First, there is the challenge of workload to overcome. According to a recent article by SecurityWeek, one study revealed that more than two-thirds of IT security professionals admitted that they are finding it more and more difficult to handle IR, due in large part to their increasing workload (including other IT functions) as well as the use of multiple technologies. Additionally, they also cited the rising volume of incoming security alerts and the subsequent difficulties knowing which alerts should be prioritized. In other words, the work is increasing beyond what human employees are capable of handling.
Perhaps even more troublesome is the discovery that 74% of larger organizations and enterprise-level companies ignore incoming security alerts on a regular basis simply because there is not enough time or manpower to handle them all. Instead, these companies are operating on a highly risky tactic of only responding to those threats they deem to be most dangerous. The rest get placed on the back burner, or worse – ignored completely. As we learned from the Target debacle of a few years ago, this is no way to manage cyber security incident response.
And if you think the companies in question are few and far between, think again. The same survey uncovered even more alarming data including the fact that over 30% of respondents admit to ignoring at least half of all incoming security alerts. Yet somehow 80% of C-suite executives surveyed say they plan to increase IR spending over the next several years. Unfortunately, more money won’t solve anything unless it involves an intense overhaul of the entire incident response process.
So, how can organizations resolve these serious issues? Especially as the number and complexity of new alerts continue to increase? A recent piece in Network World indicated what we’ve been saying all along – that for many companies, the biggest problem lies in the reliance on too many manual processes. For instance, when IT personnel are tasked with manually managing security incidents, they simply cannot keep up with the volume and severity of attacks. In fact, 93% of firms polled admit that their cyber security incident response strategy could be vastly improved if manual processes were reduced.
Further exacerbating an already significant and costly problem is the time it takes to respond to, address and ultimately resolve a security issue. According to research performed by Verizon, in 60% of attacks that were reported, it took mere minutes for the criminals behind the attack to successfully compromise networks. Clearly existing detection and response time are no match for these sophisticated hackers.
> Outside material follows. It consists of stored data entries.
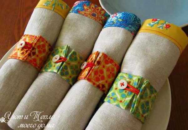 Красивое украшение для столовых салфеток можно сшить из кусочков ткани и сделать застежки на пуговицах. В этом случае и жесткие кольца для основы не нужны.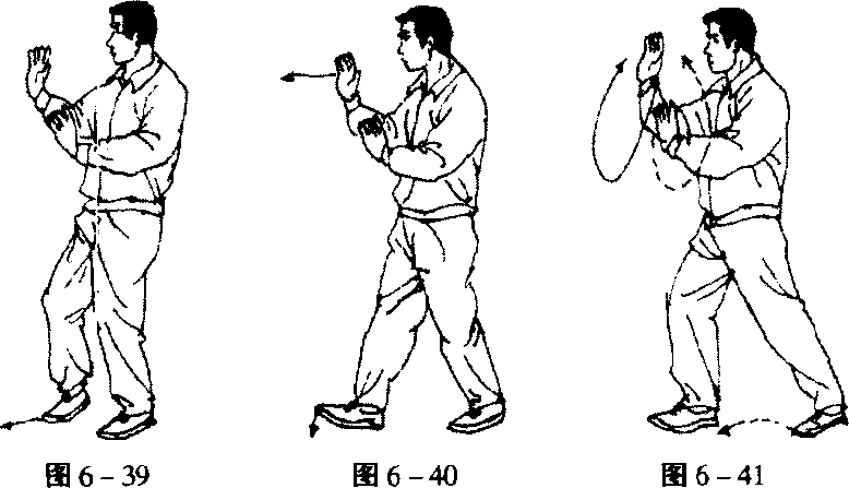 2 .以下与第三式“右懒扎衣”分动3、4相同,惟方向不 同,本动面对正西方(图6-41)。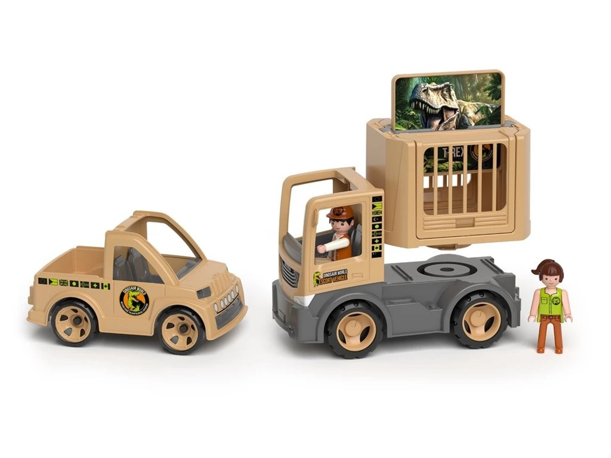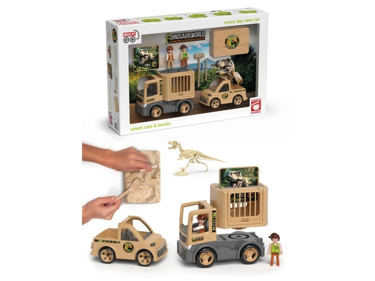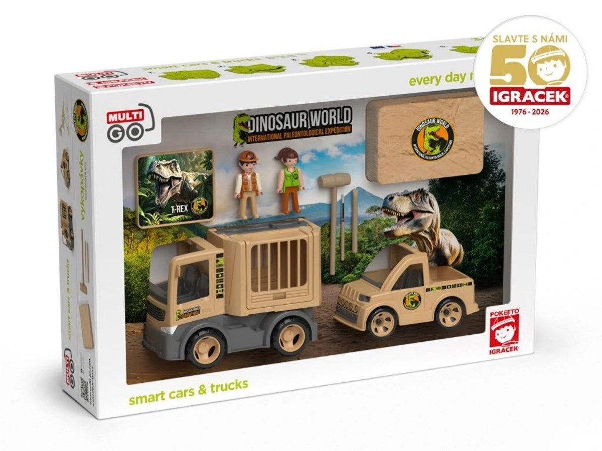 Vydejte se s Igráčky v expedičních autech MultiGO na dobrodružnou paleontologickou výpravu. Objevte s pomocí nářadí části kostry a složte si tyranosaura rexe. Naložte nářadí do pickupu, kamionem dopravte vše až k „vykopávce“. Opatrně prozkoumejte blok s kostmi a postupně odhalujte jednotlivé části. Srovnejte dílky podle tvarů a poskládejte ikonického T-rexe. Vymyslete mise – měření nálezů, přesun exponátů, ochrana naleziště, práce týmu paleontologů a podobně.

The good news is there has been a marked shift in the IT industry that leans away from manual processes and toward a more effective combination that involves automation and orchestration. By automating some or all of the cyber security incident response process, the risks associated with missed, ignored or un-prioritized threats is eliminated. Low-level alerts can be evaluated and resolved without the need for any human intervention, while those that are more complex and dangerous can be appropriately prioritized and the system can notify IT that there is an issue that needs prompt attention. This results in a much swifter and more effective response, which limits downtime and mitigates damages.
In addition to the tremendous savings of time and resources, this approach can also provide IT teams with the critical data they need to develop best practices that include actionable solutions and improved response strategies for enhanced security in the future.